_DATA TO USE_
____

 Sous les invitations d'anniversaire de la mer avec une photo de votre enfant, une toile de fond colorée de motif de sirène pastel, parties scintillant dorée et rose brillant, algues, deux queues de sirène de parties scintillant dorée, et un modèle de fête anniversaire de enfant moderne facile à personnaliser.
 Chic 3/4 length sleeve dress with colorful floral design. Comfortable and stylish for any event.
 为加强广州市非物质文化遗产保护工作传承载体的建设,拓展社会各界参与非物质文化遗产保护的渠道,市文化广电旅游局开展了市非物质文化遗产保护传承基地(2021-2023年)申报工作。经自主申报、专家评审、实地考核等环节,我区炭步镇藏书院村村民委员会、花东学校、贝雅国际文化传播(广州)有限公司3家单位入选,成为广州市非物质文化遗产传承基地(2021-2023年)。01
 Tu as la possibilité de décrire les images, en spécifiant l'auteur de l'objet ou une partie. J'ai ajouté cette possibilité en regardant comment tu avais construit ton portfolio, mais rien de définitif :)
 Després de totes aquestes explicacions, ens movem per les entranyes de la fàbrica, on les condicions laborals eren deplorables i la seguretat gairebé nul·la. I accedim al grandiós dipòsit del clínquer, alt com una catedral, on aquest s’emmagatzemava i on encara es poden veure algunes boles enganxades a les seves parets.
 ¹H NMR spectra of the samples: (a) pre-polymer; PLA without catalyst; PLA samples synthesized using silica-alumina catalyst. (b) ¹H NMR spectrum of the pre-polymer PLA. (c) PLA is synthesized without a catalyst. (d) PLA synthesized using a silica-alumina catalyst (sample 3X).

____

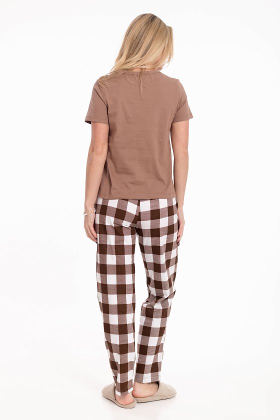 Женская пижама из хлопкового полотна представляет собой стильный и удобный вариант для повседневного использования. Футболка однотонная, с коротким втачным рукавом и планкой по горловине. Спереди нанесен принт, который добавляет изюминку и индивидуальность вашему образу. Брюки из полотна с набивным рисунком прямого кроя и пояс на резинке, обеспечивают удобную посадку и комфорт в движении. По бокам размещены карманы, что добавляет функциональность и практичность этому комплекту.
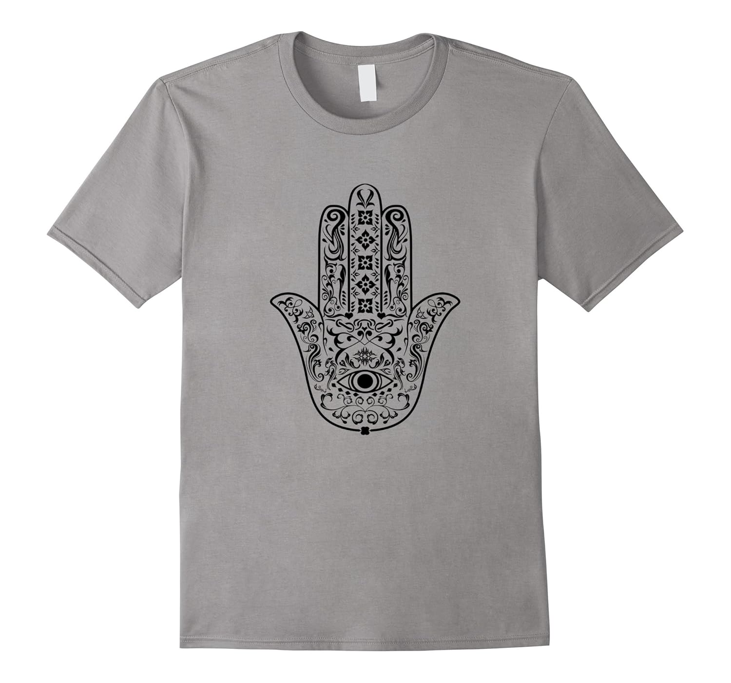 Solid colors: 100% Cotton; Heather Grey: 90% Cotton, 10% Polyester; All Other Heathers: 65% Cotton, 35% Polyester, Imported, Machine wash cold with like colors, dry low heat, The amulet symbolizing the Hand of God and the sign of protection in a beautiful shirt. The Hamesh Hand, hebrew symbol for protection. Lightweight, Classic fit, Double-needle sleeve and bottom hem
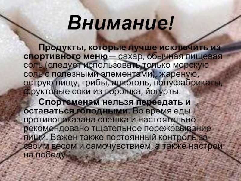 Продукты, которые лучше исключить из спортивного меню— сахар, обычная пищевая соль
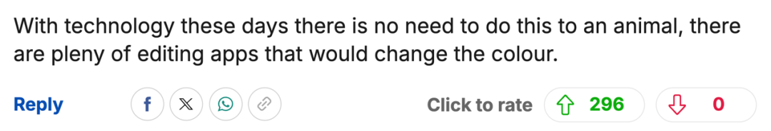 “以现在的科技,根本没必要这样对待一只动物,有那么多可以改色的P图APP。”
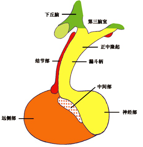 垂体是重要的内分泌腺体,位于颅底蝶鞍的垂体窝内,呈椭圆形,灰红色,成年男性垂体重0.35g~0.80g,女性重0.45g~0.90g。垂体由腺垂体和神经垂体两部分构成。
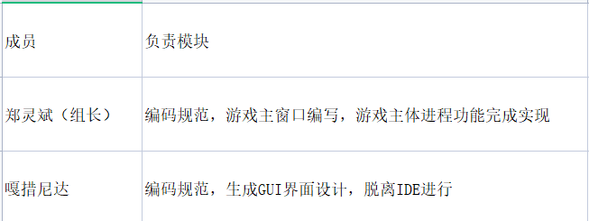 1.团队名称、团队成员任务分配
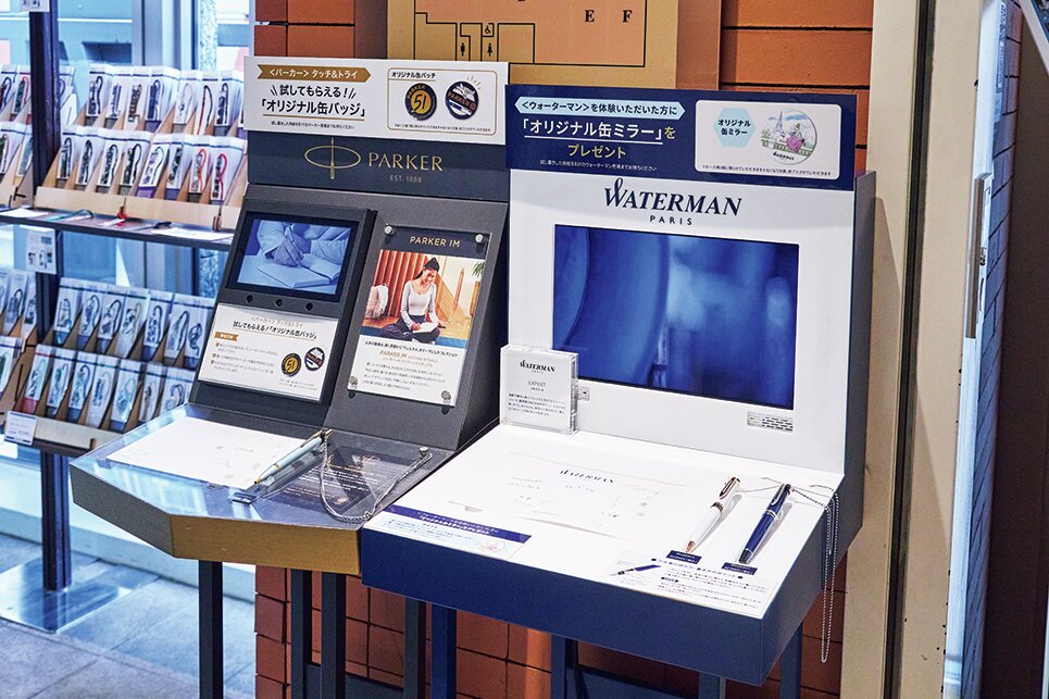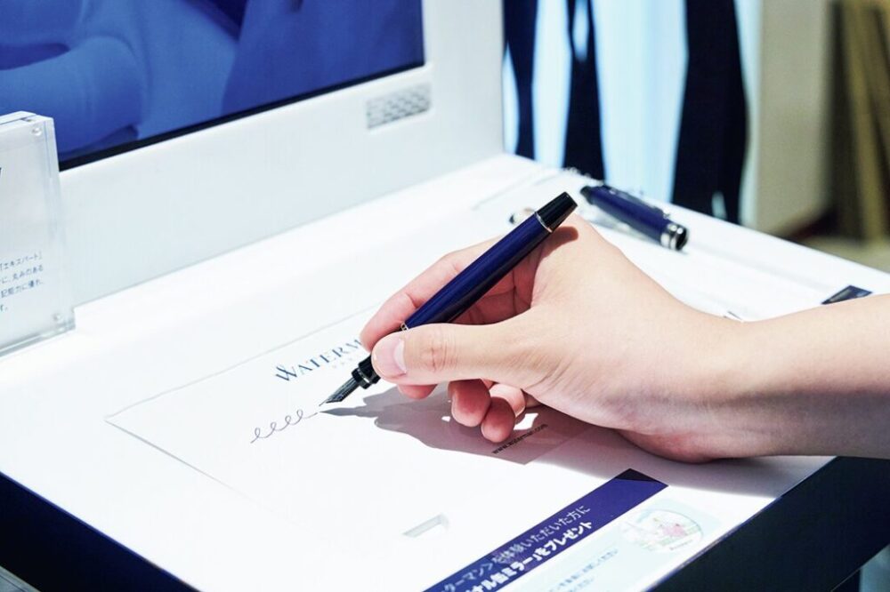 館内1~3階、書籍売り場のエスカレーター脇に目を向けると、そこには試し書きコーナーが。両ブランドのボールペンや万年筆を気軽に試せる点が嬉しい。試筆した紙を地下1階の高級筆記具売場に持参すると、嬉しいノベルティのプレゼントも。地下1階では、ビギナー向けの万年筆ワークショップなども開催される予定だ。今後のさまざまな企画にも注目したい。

____

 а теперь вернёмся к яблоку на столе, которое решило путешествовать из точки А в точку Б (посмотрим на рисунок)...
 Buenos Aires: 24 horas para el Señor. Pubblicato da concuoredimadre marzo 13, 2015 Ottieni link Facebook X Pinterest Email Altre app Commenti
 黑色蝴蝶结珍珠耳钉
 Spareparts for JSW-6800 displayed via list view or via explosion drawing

____

_ACTIVITY_
Using the data above, print exactly the lines from the line that contains "Sous les invitations" through the line that contains "Chic 3/4 length", with both included.

_ANSWER TO THIS TASK_
 Sous les invitations d'anniversaire de la mer avec une photo de votre enfant, une toile de fond colorée de motif de sirène pastel, parties scintillant dorée et rose brillant, algues, deux queues de sirène de parties scintillant dorée, et un modèle de fête anniversaire de enfant moderne facile à personnaliser.
 Chic 3/4 length sleeve dress with colorful floral design. Comfortable and stylish for any event.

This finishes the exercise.